Allison: About 12-and-a-half.
St. James: So as you were growing up, first of all you met a lot of his friends and associates in the music business, but you also brought in your own influences – maybe a little more of a rock influence.
Allison: Yeah, I studied my dad first along with people like Muddy Waters, all the King’s, and later on I had the chance of working with the queen of the blues Koko Taylor, backing her for three years. Even through her I had the chance to meet more musicians like Stevie Ray and actually go on tour with Stevie Ray Vaughan and Johnny Winter, where I kinda picked up my slide technique.
I walked right into that circle of the creators of music. And also, being the baby of nine kids, we had all kinds of music in the house, not just blues. We basically come from the church so we had gospel, jazz, rock, funk. And basically what Bernard Allison is doing now, playing what I was brought up on in the household.
St. James: When did you tour with Stevie Ray Vaughan?
Allison: There would always be like package tours with Koko Taylor. I remember playing Chicago, in fact at the Chicago Blues Festival or the Handy Award festival where the Blues Explosion won a Handy, a Grammy, actually for that album with Stevie, Koko. We were all in the show together. Stevie had been good friends with my dad for years. He knew me way before I even started playing. The minute we hooked up, and he realized who I was, we became like brothers and stayed in touch. I’d go join him or vice versa he’d come somewhere I was playing and sit in and say let’s jam.
St. James: You played with Koko Taylor right out of high school didn’t you?
Allison: Yeah, like four days out of high school I got the call from Koko saying, ‘I’d like you to become a member of the Blues Machine.’ I knew at that time there were so many more guitar players out there that were more qualified for her and I was like, ‘Why me?’Apparently her and my dad had talked and he said, ‘Once he gets out of school, I’m going to be in Europe during this period, so if you have faith in his playing, take him out and teach him the rules of the road basically.’ Koko’s a sweetheart, I just had the chance to open up for her last week, at the Philadelphia Blues Festival, and we started talking about the old times. She’s like my second mother basically, and I was too young to be in the clubs then so she was like my legal guardian on the road.
St. James: What kind of stuff did you learn from playing with her band musically?
Allison: I think more or less to be a rhythm player and learn how to follow someone ’cause learning, I always played by myself, and I kind of got a couple groups together during school but never really played out or anything. Just to be able to back someone and I think if I didn’t do that then, I probably wouldn’t have any knowledge of rhythm now, for the fact that I would just be concentrating on singing and soloing. I think that’s the most influential thing that I learned from Koko.

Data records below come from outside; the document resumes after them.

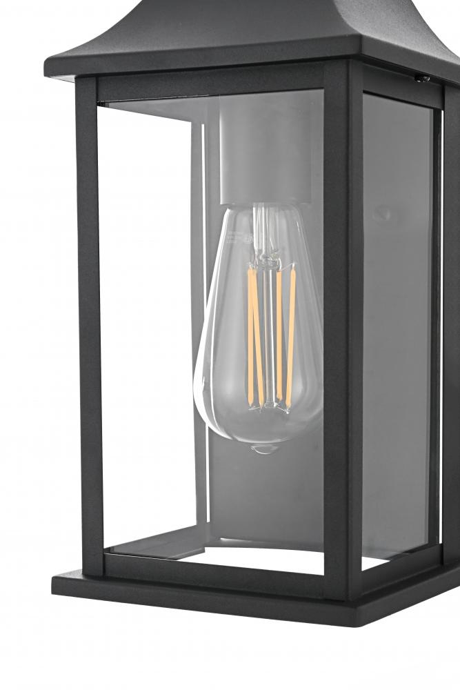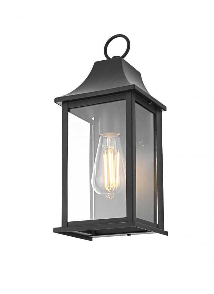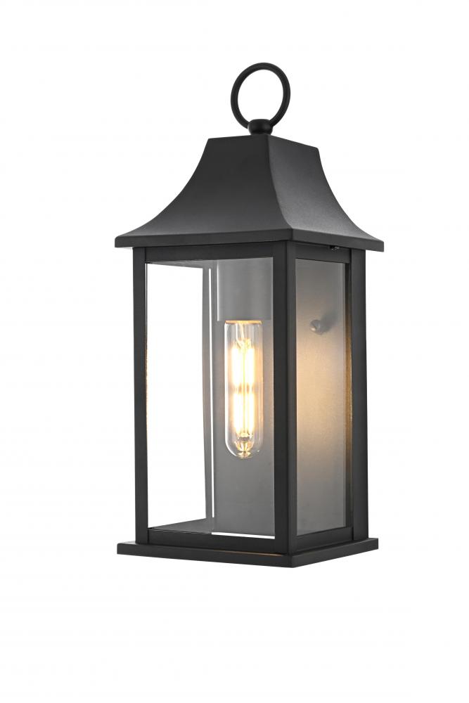 Transform your outdoor spaces with this distinctive wall lantern, where vintage-inspired design meets modern craftsmanship. Built from sturdy iron and softened with frosted glass, this piece blends clean rectangular lines with a gently curved cap and decorative ring. The single vintage-style bulb casts a warm, soothing glow, ideal for creating a welcoming atmosphere. Finished in a versatile matte black, this weather-resistant lantern is as practical as it is stylish—perfect for adding character to patios, entryways, or garden paths.
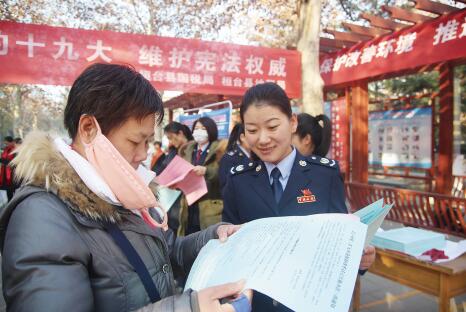 在县司法局的展台前,工作人员向市民发放《法治文化公园宣传册》《淄博市公共法律服务》《青少年法德教育读本》等普法材料,解答群众提出的法律问题;在国税局与地税局设立的联合展台前,工作人员向市民发放宣传彩页,宣传水资源税;工商局工作人员讲解如何利用新《消法》在网购中保护自身权益;农业局工作人员讲解农资领域相关法律;公安民警则引领市民在法治公园长廊中了解禁毒知识和涉毒危害……各执法单位纷纷结合各自的工作职能,向广大市民宣传各自领域所涉及的法律法规,宣传与经济社会发展、维护社会和谐稳定、服务和保障民生相关的法律法规。50余家单位共同唱响了这场精彩纷呈、声部协调的普法“大合唱”,参与单位之众,涉及内容之广,为我县近年来普法宣传之最。
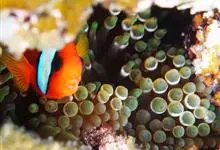 小丑鱼是鲈形目雀鲷科小丑鱼属鱼类的统称。体长仅5—6厘米。身体色彩艳丽,多为红色、橘红色;除透明的胸鳍与软背鳍鳍条外部,其余鳍均为黑色。体形怪异,体色多变,通常体侧有白色条纹。…全部>>
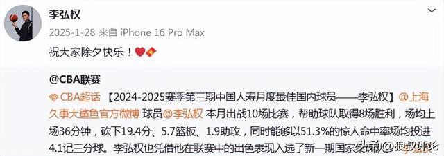 2025年1月,李弘權(quán)憑借12月的月度最佳表現(xiàn),代表上海出戰(zhàn)10場比賽,取得8勝2負(fù)的戰(zhàn)績,場均上場36分鐘,砍下19.4分、5.7籃板、1.9助攻,同時(shí)能夠以51.3%的驚人命中率場均投進(jìn)4.1記三分球。李弘權(quán)也憑借他在聯(lián)賽中的出色表現(xiàn)入選了新一期國家集訓(xùn)隊(duì)。

St. James: She plays a lot of tunes in her repertoire, I’m sure, that are blues standards. Did you learn a variety of chord progressions that you have since then built your music upon?
Allison: Basically with Koko, it was kind of simple for me. It was your traditional rhythm and blues plus blues patterns, 12-bar blues. There are a couple of her trademark songs, like “Wang Dang Doodle,” where each guitar player actually has a part to play, like one’s playing the actual bass line with the bassist. I was actually playing the charm part that Buddy [Guy] actually recorded, so that was something different for me cause that was the only thing I had to play in the song. So I thought what do I do for the rest of the song? I kind of danced and waited ’til my part came along. And actually she showed me that part ’cause that was the only part Buddy played on the record, which is actually the hook of the song. So, we had the two guitar players where, that’s kind of impossible to do both, so you had the continuous part.

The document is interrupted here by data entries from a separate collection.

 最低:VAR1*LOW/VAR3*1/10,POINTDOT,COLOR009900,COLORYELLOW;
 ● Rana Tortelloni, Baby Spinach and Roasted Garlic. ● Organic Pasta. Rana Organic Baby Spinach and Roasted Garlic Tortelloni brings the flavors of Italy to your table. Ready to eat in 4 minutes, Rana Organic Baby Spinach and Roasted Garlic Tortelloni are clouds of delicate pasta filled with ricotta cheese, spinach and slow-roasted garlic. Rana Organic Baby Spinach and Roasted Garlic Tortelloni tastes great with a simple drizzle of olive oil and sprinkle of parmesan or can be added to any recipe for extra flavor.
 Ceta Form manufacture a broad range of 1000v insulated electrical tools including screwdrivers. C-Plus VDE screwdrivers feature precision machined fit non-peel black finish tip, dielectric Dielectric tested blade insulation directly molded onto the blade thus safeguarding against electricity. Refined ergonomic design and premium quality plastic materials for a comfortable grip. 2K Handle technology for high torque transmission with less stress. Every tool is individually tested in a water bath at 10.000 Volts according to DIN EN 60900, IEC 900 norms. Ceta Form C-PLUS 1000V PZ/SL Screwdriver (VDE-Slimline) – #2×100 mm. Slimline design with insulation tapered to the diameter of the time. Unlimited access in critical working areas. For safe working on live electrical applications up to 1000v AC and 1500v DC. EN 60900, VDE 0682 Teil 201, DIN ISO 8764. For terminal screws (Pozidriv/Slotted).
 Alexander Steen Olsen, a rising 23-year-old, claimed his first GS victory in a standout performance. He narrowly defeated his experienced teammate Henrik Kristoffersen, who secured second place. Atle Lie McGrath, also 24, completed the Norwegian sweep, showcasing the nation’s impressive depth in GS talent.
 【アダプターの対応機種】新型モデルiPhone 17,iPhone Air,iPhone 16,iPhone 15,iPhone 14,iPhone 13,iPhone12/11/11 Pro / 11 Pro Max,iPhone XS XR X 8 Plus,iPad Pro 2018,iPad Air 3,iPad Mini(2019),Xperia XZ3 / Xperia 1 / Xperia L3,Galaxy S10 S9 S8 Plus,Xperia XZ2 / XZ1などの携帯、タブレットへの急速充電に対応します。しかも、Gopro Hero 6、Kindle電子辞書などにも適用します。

St. James: After you played with Koko for a while, you did your own thing for a little bit.
Allison: Yeah, and that was kind of like a combination of playing songs of my father’s that I really liked and a lot of Muddy Waters-type things, or even an Albert King thing. Albert was probably my greatest influence as far as a guitar player; the tone just did something to me. Even Stevie Ray Vaughan, Jimi Hendrix, or Buddy Guy – they all sort of got something from each other and that’s the thing about the blues. You kind of get something from everybody, and mix it all up, and create yourself, try to find yourself. So, some bluesy things I like to do, I like to do slow blues like Albert King or Stevie Ray style. That’s like the Albert King approach that we use, also.
St. James: And what about some of the funkier stuff that you do, where does that come from?
Allison: I was a big fan of the Isley Brothers, so if I wanna do something funky, in my band, I’ll do something funky. That’s a little bit of the funky side and I don’t do a lot of soloing but more or less fall in with the rhythm section of it, and back the vocal or the keyboard part.
St. James: So, do you choose musicians that also have a similar mixture of blues, rock, or funk experience?
Allison: Exactly, like my drummer, James Knowles, he comes from the R. Kelly band. He’s the ex-drummer with R. Kelly and a lot of gospel groups. The bass player has played with Otis Rush, Junior Wells. My keyboard player comes from my father’s band. He’s probably the oldest member of the band so he has the early rock band experience and Top 40 music. I think that’s what works best for me is to have ’cause all of my guys are involved in the creation of all the music. I’ll present the idea and say, ‘What would you play there?’ And then it all kind of gels together. If we try and play things this way, we can play songs that everybody likes to play. Maybe the drummer likes a more rockier thing, then we’ll give him his rock thing, now the bass player wants something a little funky, now I want to play something real down low or ballad so, it’s a give and take thing.
St. James: You lived for a long time in Europe, I guess because your dad was over there. Is that why you gravitated in that direction?
Allison: Yeah, I went over in ’89, to record a live album Live In Berlin with him, and after the session he asked me to become his bandleader. I stayed there until ’92, almost the beginning of ’93, before receiving my first record contract. I gradually started going out on the road with his musicians, when he wasn’t touring, until I was able to find my own. It just got set up there and we just kept touring and recording after that and we were there.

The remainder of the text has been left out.